Forecasting deep learning-based risk assessment of vector-borne diseases using hybrid methodology.

ABSTRACT

BACKGROUND: Dengue fever is rapidly becoming Malaysia's most pressing health concern, as the reported cases have nearly doubled over the past decade. Without efficacious antiviral medications, vector control remains the primary strategy for battling dengue, while the recently introduced tetravalent immunization is being evaluated. The most significant and dangerous risk increasing recently is vector-borne illnesses. These illnesses induce significant human sickness and are transmitted by blood-feeding arthropods such as fleas, parasites, and mosquitos. A thorough grasp of various factors is necessary to improve prediction accuracy and typically generate inaccurate and unstable predictions, as well as machine learning (ML) models, weather-driven mechanisms, and numerical time series.
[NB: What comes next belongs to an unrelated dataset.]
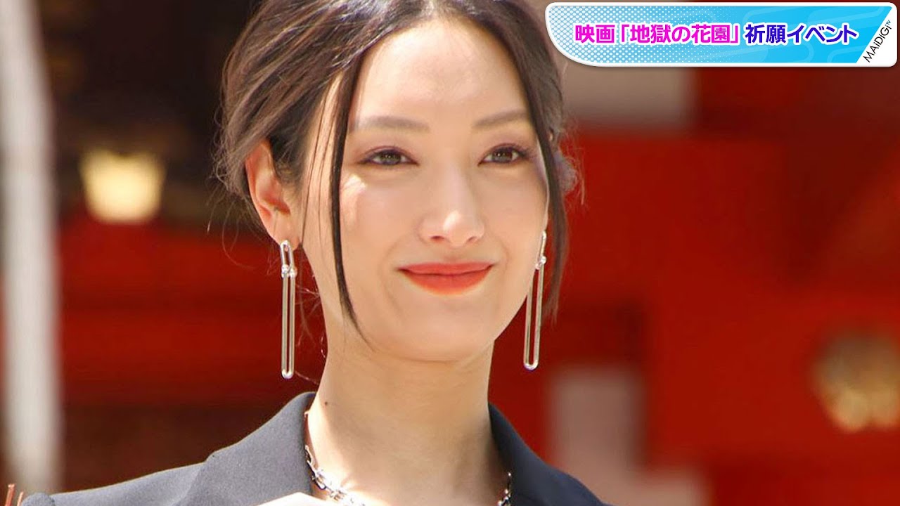 女優の菜々緒さんが5月4日、東京・新宿の花園神社で行われた永野芽郁さんの主演映画「地獄の花園」(関和亮監督、5月21日公開)の祈願イベントに登場した。黒いジャケットに黒いスリムなパンツを合わせた、脚線美が際立つ装い。ジャケットの袖をまくり、シルバーカラーのサンダルやアクセサリー、まとめ髪と赤いリップでスタイリッシュに着こなしていた。
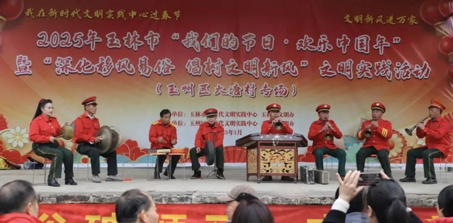 由玉林市新时代文明实践中心、玉林市文明办联合有关县(市、区)组织的玉林市“我们的节日·欢乐中国年”暨“深化移风易俗 倡树文明新风”新时代文明实践主题系列活动在玉林市玉州区大塘镇大塘村举行。现场开展了非遗展演、移风易俗有奖问答、义诊、写春联等活动,现场气氛热烈。

OBJECTIVE: In this research, we propose a novel method for forecasting vector-borne disease risk using Radial Basis Function Networks (RBFNs) and the Darts Game Optimizer (DGO) algorithm. METHODS: The proposed approach entails training the RBFNs with historical disease data and enhancing their parameters with the DGO algorithm. To prepare the RBFNs, we used a massive dataset of vector-borne disease incidences, climate variables, and geographical data. The DGO algorithm proficiently searches the RBFN parameter space, fine-tuning the model's architecture to increase forecast accuracy. RESULTS: RBFN-DGO provides a potential method for predicting vector-borne disease risk. This study advances predictive demonstrating in public health by shedding light on effectively controlling vector-borne diseases to protect human populations. We conducted extensive testing to evaluate the performance of the proposed method to standard optimization methods and alternative forecasting methods. CONCLUSION: According to the findings, the RBFN-DGO model beats others in terms of accuracy and robustness in predicting the likelihood of vector-borne illness occurrences.